A single, uninterrupted moment... that sometimes, to his pleasure, he was able to resume again. Eternity, in minutes. A perfect vision he would never allow to be tarnished.
Cracked dirt, crumbling brush, arid desiccation – the pathetic state of this continent was temporarily a boon. The marks of his past passage became easier to follow each year. He knew know where to step firmly, where to rush – the journey itself was almost fun. He knew he was close when the sound of waves against the jagged coast had grown into a bestial roar.
One day he will have carved it into a footpath, all by himself.
He crested the final hill and had to shield his eyes, after spending so long watching his feet. He settled into place quickly. Pulled his legs up to his chest, linked his hands wrapped comfortably around them. He could feel his unseen tail sweeping about, knocking around the loose dust. He’d need a bath an hour long, but it was already all worth it.
His solstice sunset had already began, and it glittered wondrously out upon the ocean. A perfect hem of outcroppings of rock to either side, and the crash of waves, droning so loud that he could lose to it all of his thoughts…
Never had he found a place more worthy of spending this sole, longest sunset of the year.
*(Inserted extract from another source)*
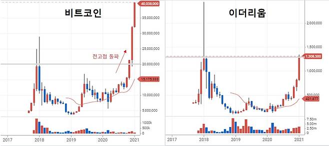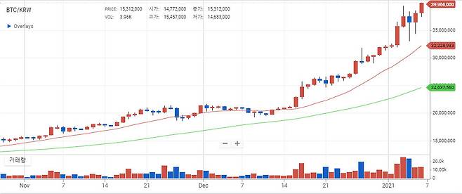 이제 1,000원만 더 오르면 비트코인 4천만원 시대를 맞이하게 되는데요. 역사적인 신고가 갱신이 이어지는 모습입니다.
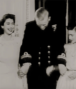 (사실 조지6세는 필립을 처음에 반대했다고 하는데 필립이 왕족출신(그리스 왕자)이긴 하지만 어릴때 그리스 군주제가 전복되면서 필립네 가족은 강제추방 당해 아빠는 가족 버리고 망명하고, 엄마는 정신장애로 병원에 입원, 누나들이 있었는데 독일 나치 집안과 결혼한게 문제에 그마저도 비행기 사고로 사망해 가족없이 불운한 어린시절을 보냈고 다른 영국왕족 친척들의 도움으로(필립은 그리스왕족+영국왕족+덴마크왕족+러시아왕족의 피가 섞여 있음) 지금까지 살아왔던거라 미래의 여왕이 될 딸의 남편감으로 탐탁해하지 않았던 듯)

The tensions of his position, the worries and intrigues of his plans… all of it melted away from his mind in slow pieces. They were like granules of sugar disappearing into water.
Here was something that was all and only ever his, about no one higher, nothing greater than he.
A young man sat on a patch of dirt, drinking in the minute changes of the sky, the growing chill of the air and the wind… tasting salt-ridden air, thinking of nothing but his senses. Finally, stiff and shivering a little in the early night, he unfurled, stretched with a little pain, and began to slink home.